A more efficient method to determine the length of random blogrolls is to wait until a reload features no entries that haven’t been seen before. After such a point, if the number of unique entries is *n*‘, then to check whether *n*‘ = *n*, reload again. If *n*‘ = *n* – 1, then the probability that a given reload will include the remaining entry is *k*/*n*. So each reload has a probability of (*n* – *k*)/*n* of having no new entry. After sufficiently many reloads, the probability will be 0.05 and the result will be significant at the 95% level.

Now, let’s see what “sufficiently many” means. After *r* reloads, the probability is ((*n* – *k*)/*n*)^*r*, which we want to be less than 0.05. But that implies that *r* is greater than the log of 0.05 to base (*n* – *k*)/*n*, i.e. *r* > log 0.05 / log (*n* – *k*)/*n* = 1.3/(log *n* – log(*n* – *k*)), where the log is taken to base 10.

This method is much, much more efficient than the other one. With *n* = 80 and *k* = 20, we need *r* > 10.4, i.e. *r* = 11. The absolute worst case scenario is when the second reload is identical to the first, and then each time we need 11 reloads to get a new entry. Then *m* = 1 + 11(*n* – *k*) = 661. And that’s an extremely unlikely upper bound.

When *n*‘ < *n* – 1, the probability that at least one entry will be new is way higher than *k*/*n*. For instance, when *n*‘ = *n* – 2, it’s the complement of (*n* – *k*)/*n* * (*n* – *k* – 1)/(*n* – 1) = 0.56, and *r* > log 0.05 / log 0.56 = 5.16, so 6 reloads are enough. The actual formula for the probability for any value of *n* – *n*‘ is then the obvious generalization of the formula for *n* – *n*‘ = 2.

But note that since we don’t actually know *n*, only *n*‘, we can only use *r* = 11. But the expected values for *n* – *n*‘ > 1 can be used to calculate the expected number of reloads it will take to cover all entries. An upper bound is the sum of expected values for each *n* – *n*‘, since it in effect assumes there’s only one new entry each time.

If we have an event with probability *p*, the expected number of trials it takes to get it is 1/*p*. The expected value for a given *s* = *n* – *n*‘ is then 1/(1 – (*n* – *k*)(*n* – *k* – 1)…(*n* – *k* – *s* + 1)/*n*(*n* – 1)…(*n* – *s* + 1)) = *n*(*n* – 1)…(*n* – *s* + 1)/(*n*(*n* – 1)…(*n* – *s* + 1) – (*n* – *k*)(*n* – *k* – 1)…(*n* – *k* – *s* + 1)). We need to sum that over all *s* from 1 to *n* – *k* and add *r*.

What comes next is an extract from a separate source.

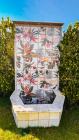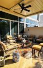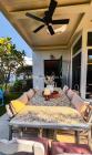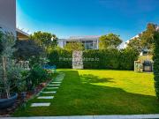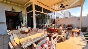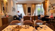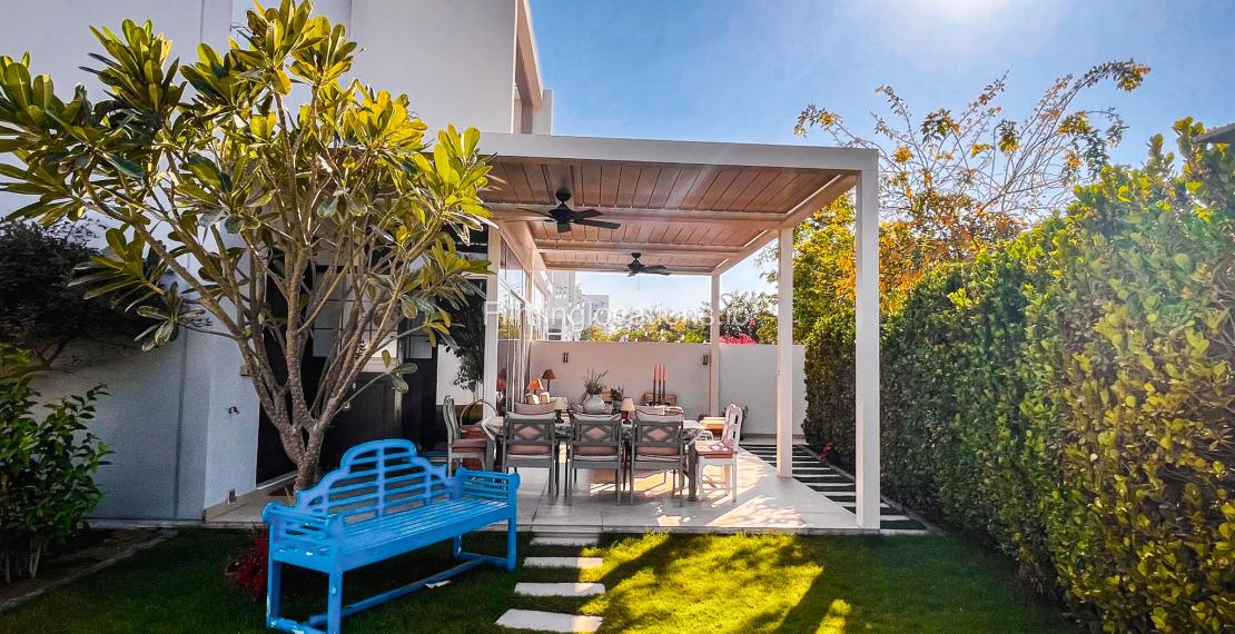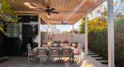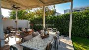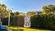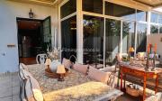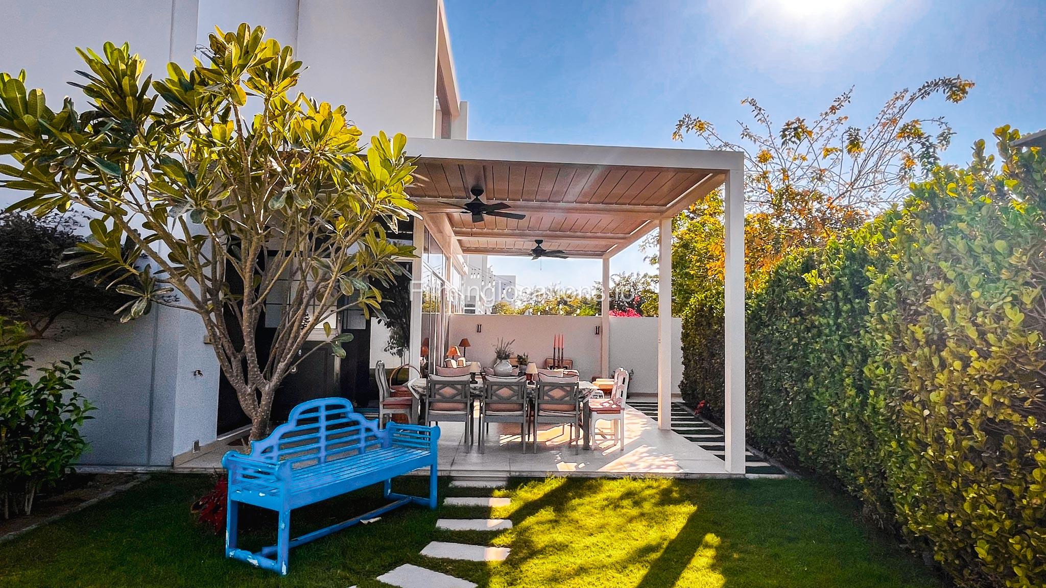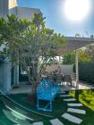 The lush garden and outside dining area provide a serene and inviting atmosphere.
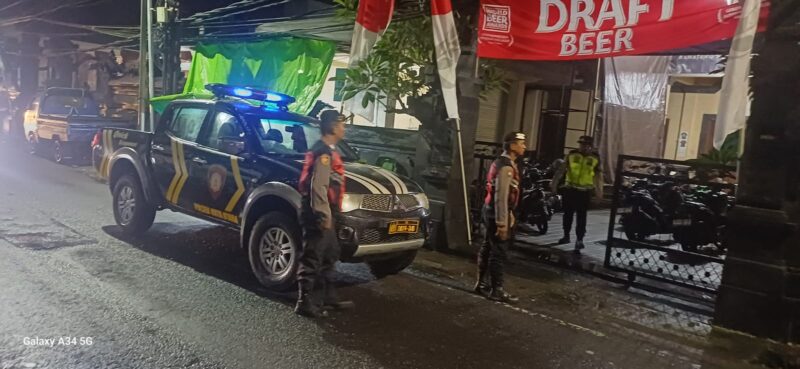 Dalam rangka menjaga keamanan dan kondusiftas menjelang perayaan hari raya Nyepi mendatang Personil Unit Samapta Polsek Kuta Utara melaksanakan Blue Light Patrol di pimpin Pawas Ipda I Nyoman Darmaya sambangi anak anak muda saat mengerjakan ogoh ogoh di masing masing Banjar setiap Desa maupun Kelurahan di daerah Hukum Polsek Kuta Utara, pada Selasa (24/02/2026). Pukul 23.00 Wita.

With *n* = 80 and *k* = 20, we get 4 + 2.27 + 1.71 + 1.45 + … + 1 + 1 = 66.39, i.e. 78 reloads are enough.

Note that we don’t actually use *n* when reloading to calculate probabilities. Instead, we can use an estimate derived from the method of matches of successive reloads. For each one point increase in *n*, the number of reloads goes up by a little more than one (for example, *n* = 81 yields 67.53).